Descendente de antiga família nobre, ele dominava a arte de presidir a mesa. Além de gourmand, animava a conversa. Conseguia ser ao mesmo tempo teatral e lacônico. Entremeava as prosas com minutos de silêncio, provocando expectativa na platéia. Foi um dos maiores conversadores de seu tempo. Por um defeito físico, não deixaram que seguisse a carreira militar. Um acidente na infância o deixou coxo.

Mesmo não demonstrando vocação religiosa, a família o lançou na carreira eclesiástica. Ajudado por um tio arcebispo, escalou rapidamente a hierarquia da Igreja Católica e, apesar da vida devassa, foi nomeado arcebispo de Autun, na Borgonha. Além de culto e fluente, era bom orador. Pronunciou sermões empolgantes. Elegeu-se deputado à Assembléia Nacional e apresentou projeto colocando os bens do clero sob o controle da nação.

O Papa o condenou durante a Revolução Francesa e ele abandonou a Igreja, dedicando-se à diplomacia. Chegou a ocupar o Ministério do Exterior da França. A certa altura de suas Memórias, publicadas em cinco volumes, Talleyrand revela ter sido educado por preceptores. Jamais permaneceu uma semana inteira com os pais. Isso o marcou profundamente. O talento verbal vinha da mãe, com quem jamais se deu bem. Mesmo assim, procurava-a na adolescência, para assimilar seu modo diferente de falar.

A mãe empregava a linguagem engenhosa das reuniões elegantes do século 18, a mesma que o filho usou no salão de madame de Genlis, impressionando a aristocracia parisiense.

Certa vez, Napoleão perguntou a Talleyrand como havia se transformado em brilhante conversador. Ele respondeu: “Bem, da mesma maneira que sua majestade escolhe o campo de batalha para combater, só aceito falar quando tenho alguma coisa a dizer. Nunca respondo perguntas inesperadas. Em geral, não me deixo questionar por ninguém, exceto por vós. E, caso me indaguem alguma coisa e eu respondo, é porque sugeri a pergunta”.

Não por acaso, Talleyrand foi um dos maiores diplomatas do passado. A gastronomia funcionou como seu instrumento político. Amigos e inimigos o descreveram como “uma pessoa irresistível à mesa”. É célebre sua resposta ao rei Luis XVIII, que insistia em lhe dar recomendações na partida para o Congresso de Viena. “Majestade, perdoe-me, mas necessito mais de panelas do que instruções.
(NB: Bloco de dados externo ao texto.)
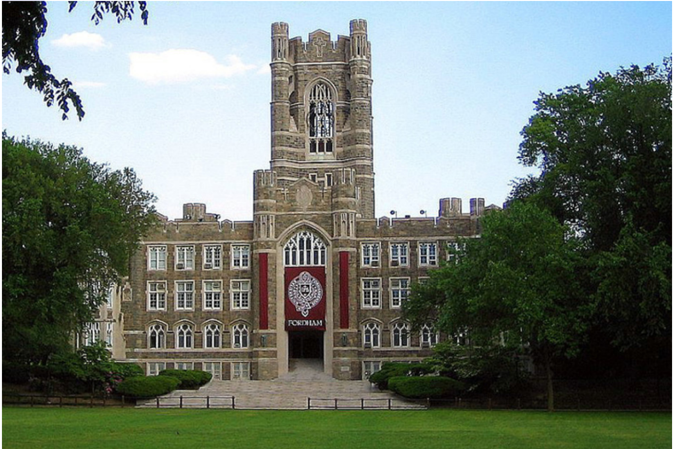
Keating Hall at Fordham University in the Bronx borough of New York.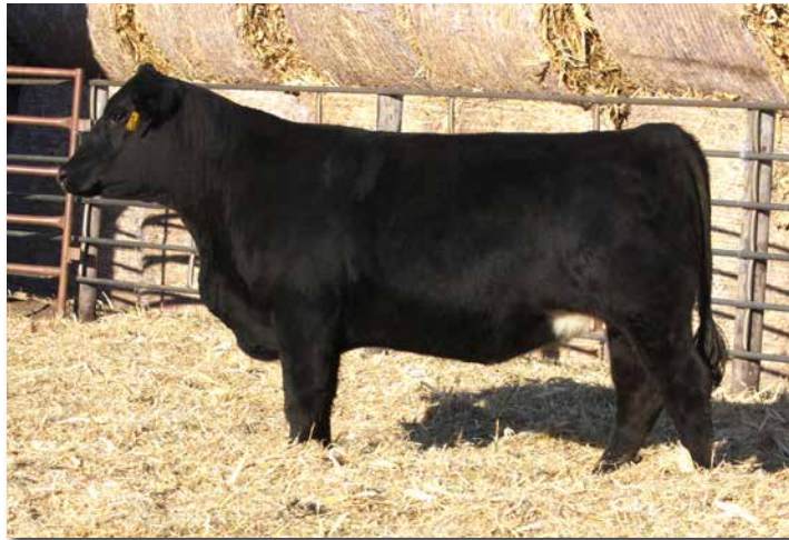
ADV MS GUARDIAN K2006 >> Sells as Lot 44.

AI bred 5/26/2023 to JC MR TALON 403G (3555669). PE 5/31/23 TO 9/12/23 to KM CLARIFIED 214 (4263232, AAA 20322913). Confirmed safe to PE. Due 4/14/2024.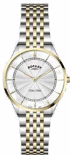
LB08301/41 Ø 27 mm

Consiga-me um bom cozinheiro e bastante queijo brie que eu me arranjo com o resto”.


O queijo aclamado


O brie se tornou conhecido mundialmente no Congresso de Viena, realizado no século 19, quando Talleyrand conseguiu aclamá-lo “rei dos queijos”. Mas os franceses, seu criadores, conhecem-no há muito mais tempo. Surgiu na pequena cidade de Melun, a 40 quilômetros de Paris, na região de Ile-de-France, quando ainda existia a Gália Transalpina, que abrangia a França e a Bélgica. Entre os anos 58 e 50 a.C., esse território foi conquistado pelo romano Julio César, após extensa campanha bélica. Carlos Magno, rei dos francos e imperador do Ocidente (742-814), provou o brie ao passar por ali e se encantou, introduzindo-o no seu palácio. Ao contrário do que alguns acreditam, o camembert descende do brie. É queijo muito mais novo: só apareceu no século 18, durante a Revolução Francesa. Um padre foragido, vindo da terra do brie, revelou seu segredo a uma fazendeira chamada Marie Harel – e ela o reproduziu na Normandia.
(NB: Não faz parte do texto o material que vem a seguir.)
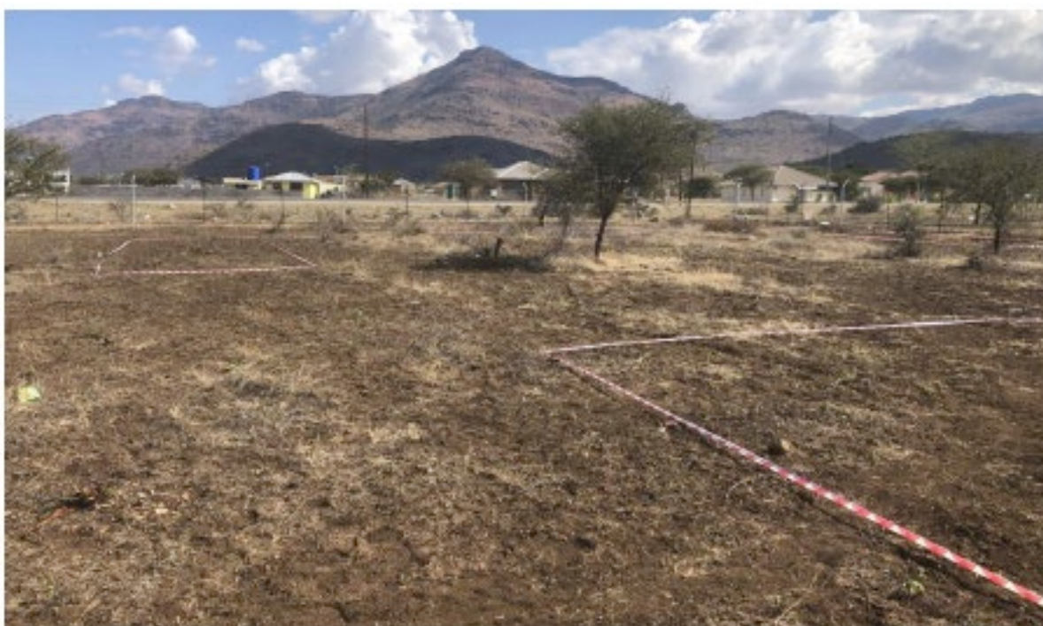
Contractor GeoMech has set out its laydown area to commence drilling within the newly-constructed security fence

Preparations at the site are underway after the Company awarded a drill contract to Geomech Africa (Pty) Ltd, following a successful tender process.

O queijo predileto de Talleyrand usa leite de vaca. São necessários 23 litros para fazer uma unidade. Apresenta-se redondo e achatado. Mede entre 20 e 35 centímetros de diâmetro e possui cerca de 3 centímetros de altura. A crosta é enrugada, ligeiramente avermelhada, com bolor branco. A pasta se mostra alva quando fresca, tornando-se amarelada após 6 a 8 semanas de cura. A textura é suave e cremosa. O sabor, leve e delicado. Com o tempo, a pasta amolece. O queijo vai adquirindo cor amarelo-palha e sabor a noz. Os tradicionalistas preferem o “fermier” ou colono, artesanal. O outro, industrial, é chamado de “laitier”. Mas ambos podem exibir qualidade.
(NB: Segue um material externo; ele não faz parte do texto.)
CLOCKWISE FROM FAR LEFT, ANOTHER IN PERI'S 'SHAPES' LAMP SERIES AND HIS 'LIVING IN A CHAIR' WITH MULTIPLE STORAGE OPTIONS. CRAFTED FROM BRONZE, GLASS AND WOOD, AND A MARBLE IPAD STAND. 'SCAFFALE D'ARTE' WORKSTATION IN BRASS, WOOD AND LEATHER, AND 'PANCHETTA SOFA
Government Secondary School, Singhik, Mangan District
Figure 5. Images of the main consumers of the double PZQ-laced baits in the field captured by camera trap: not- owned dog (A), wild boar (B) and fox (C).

O brie procede de quatro localidades, todas na região de Ile-de-France. Os mais famosos vêm de Melun e Meaux. O primeiro possui tamanho menor e produção idem: são 190 toneladas anuais contra 5650 do outro. A maturação, porém, é mais demorada e ocorre em caves mais frias. Também existe o brie de Melun sem cura, conhecido como bleu. O de Meaux já foi maior. Antigamente, ultrapassava os 50 centímetros de diâmetro. Constituía um problema para os fabricantes, porque é preciso virar o queijo diversas vezes durante a cura, numa operação delicada. Qualquer descuido pode rachá-lo.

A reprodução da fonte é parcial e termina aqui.